Орлов глядел на Алексея из-под сдвинутых бровей.
– Эх, – сказал он со вздохом. – Тогда и меня надо под трибунал. Я, знаешь, тоже себя казню, что в апреле анархистов отпустил. Теперь тот же Арон Воля гадит нам на Украине, еще нахлебаемся с ним. И другие тоже… Трудней всего уничтожать тех, кто еще вчера был для тебя свой. Учиться нам еще и учиться. Красной революционной правде. А она сурова: твой друг – тот, кто друг революции, а кто ей враг – тот и тебе враг. Беспощадности надо учиться, без нее не будет победы. Красная правда, брат, потому и красная, что поливают ее кровью.
Зеленая правда
Турусова на колесах
«Всё, что не траур, – праздник. Всё, что не боль, – радость». С этим девизом Мона прожила на свете до почтенных тридцати четырех лет, и он ни разу не подвел. Бывало, конечно, всякое. Не очень-то порадуешься, если у тебя ноет зуб или разбито сердце. Но дантист или самый лучший лекарь (правильно – время) делали свою работу, боль и траур заканчивались, и можно было снова отмечать каждый день и каждую ночь, потому что повод всегда найдется – и днем, и ночью. Просто смотри на мир не черными глазами, а голубыми. У Моны глаза были исключительной голубизны, прямо аквамарин.

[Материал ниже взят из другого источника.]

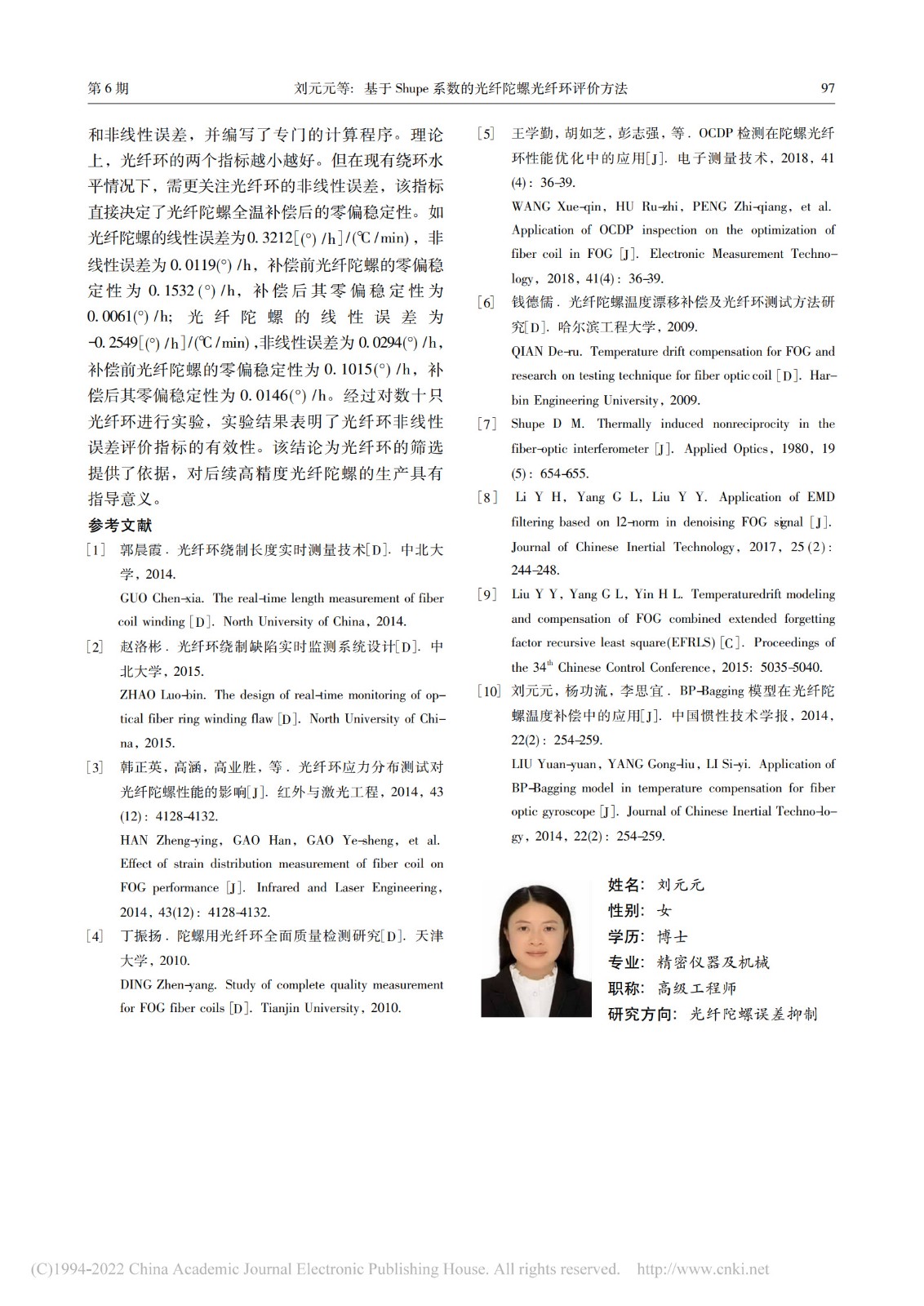 基于Shupe系数的光纤陀螺光纤环评价方法

Нашелся повод и сейчас, в, мягко выражаясь, нелучезарных обстоятельствах.
На грязной железнодорожной станции, в грязном зале ожидания, Мона потянулась фляжкой к грязному «титану», за кипятком, и злющая баба, тоже совавшая под кран миску с накрошенным хлебом, замесить тюрю, рявкнула:
– Не замай, безносая! Куды лезешь заразной лапой? Тварюга бесстыжая!

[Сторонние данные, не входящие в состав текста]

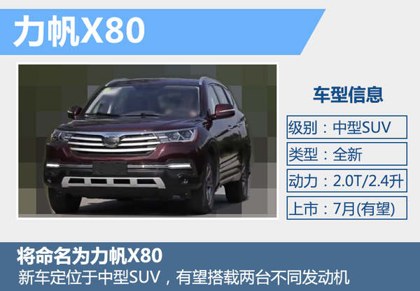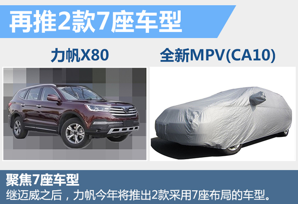 力帆旗下产品此前以轿车为主,紧凑型7座SUV迈威上市销售后,开启战略转型的序幕。重庆力帆集团副总裁兼国内汽车销售公司总经理马可表示:“继迈威之后,力帆还将推出几款品质更高的7座多功能家用车,这些车型在细分市场中定位更加精准。“另据网通社获得的信息,力帆旗下包括全新7座中型SUV X80和全新7座MPV在内,均有望在下半年正式上市。

– Сама ты тварюга, – гнусаво ответила Мона. – Щас вот плюну тебе в тюрю.
И приподняла на лице повязку, а под нею красота: вместо носа сине-багровый ужас с двумя капельками гноя (воск, натуральные краски, итальянская смолка). Сойдя с поезда, Мона уединилась в кустиках и соорудила камуфляж: изобразила сифилис третьей стадии, сверху повязала тряпицу. Судя по тому, как шарахнулась от художественного полотна бабища, работа удалась на славу. Как же тут было не порадоваться?
Гордая собой, Мона наполнила флягу, почесала лоб, на котором еще не совсем подсохла звездная сыпь (гуашь с сеяным песочком).
«Была я белошвейкой и шила гладью», – тихонько пропела Мона, наслаждаясь гнилостью голоса. Ее обеспечивали два комочка ваты, сунутые в ноздри.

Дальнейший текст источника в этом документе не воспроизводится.